• [EXERCISE DATA]
=== Begin Enclosure ===
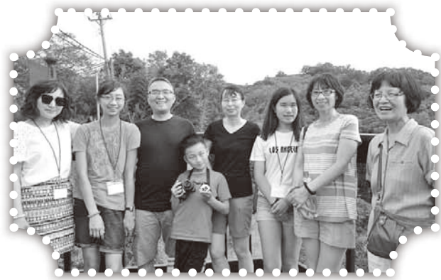
▲康郡教會短宣對隊在頭屋。
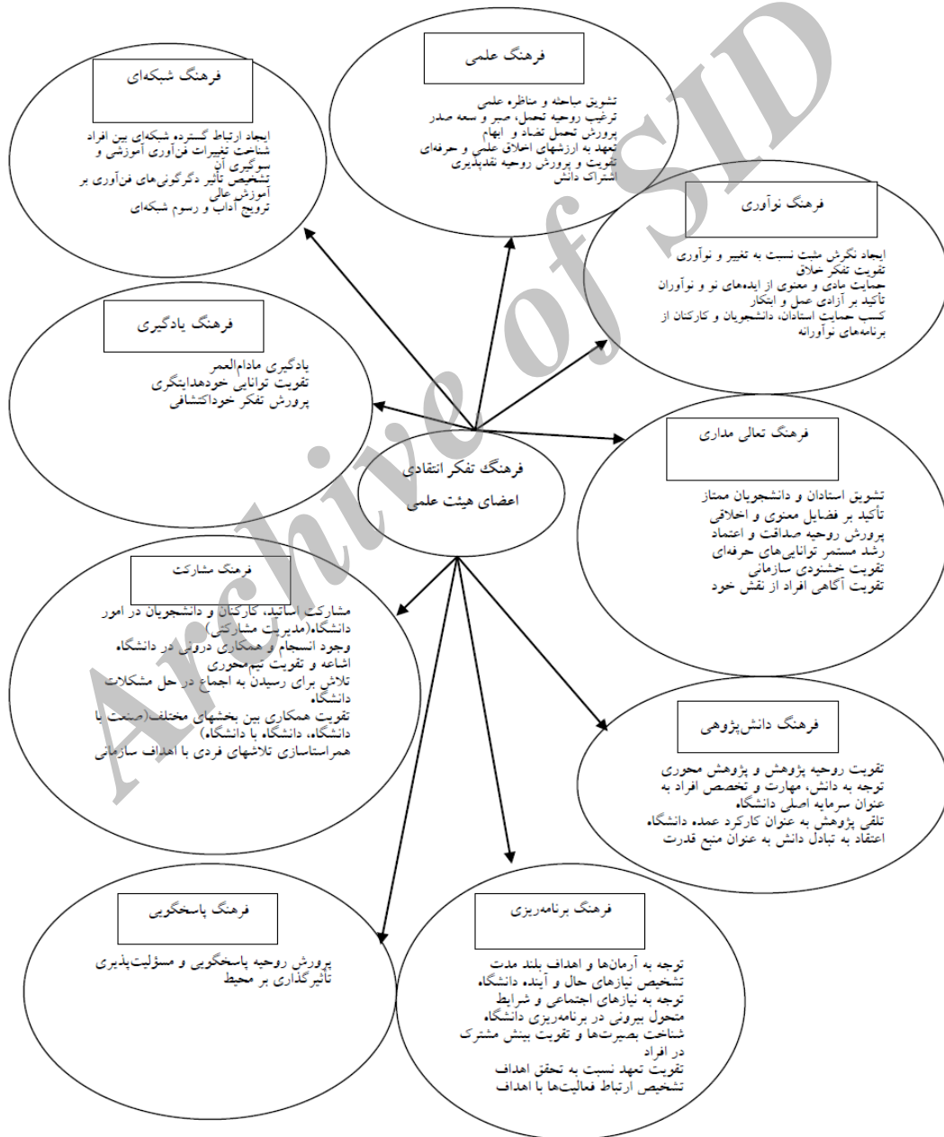
شکل ۱. مدل نهایی فرهنگ سازمانی ارتقاء تفکر انتقادی مستخرج از مبانی نظری تحقیق و نظرات خبرگان

لازم به ذکر است که از خبرگان خواسته شده بود، با دادن امتیازهای ۱ (بسیار کم) تا ۷ (بسیار زیاد) به هر یک از سؤالات این پرسشنامه، نظر خود را ارائه نمایند. در این مرحله تمامی گویه‌های مورد نظر از نظر خبرگان مورد اجماع بود و حول آن پراکندگی وجود نداشت و از آنجایی که دور آخر دلفی در مورد گویه‌های تحقیق به‌شمار می‌رفت، نتایج آزمون
=== End Enclosure ===
• [BRIEF]
Down to the last line, reproduce the material above exactly; skip its images.

• [RESPONSE]
▲康郡教會短宣對隊在頭屋。
شکل ۱. مدل نهایی فرهنگ سازمانی ارتقاء تفکر انتقادی مستخرج از مبانی نظری تحقیق و نظرات خبرگان

لازم به ذکر است که از خبرگان خواسته شده بود، با دادن امتیازهای ۱ (بسیار کم) تا ۷ (بسیار زیاد) به هر یک از سؤالات این پرسشنامه، نظر خود را ارائه نمایند. در این مرحله تمامی گویه‌های مورد نظر از نظر خبرگان مورد اجماع بود و حول آن پراکندگی وجود نداشت و از آنجایی که دور آخر دلفی در مورد گویه‌های تحقیق به‌شمار می‌رفت، نتایج آزمون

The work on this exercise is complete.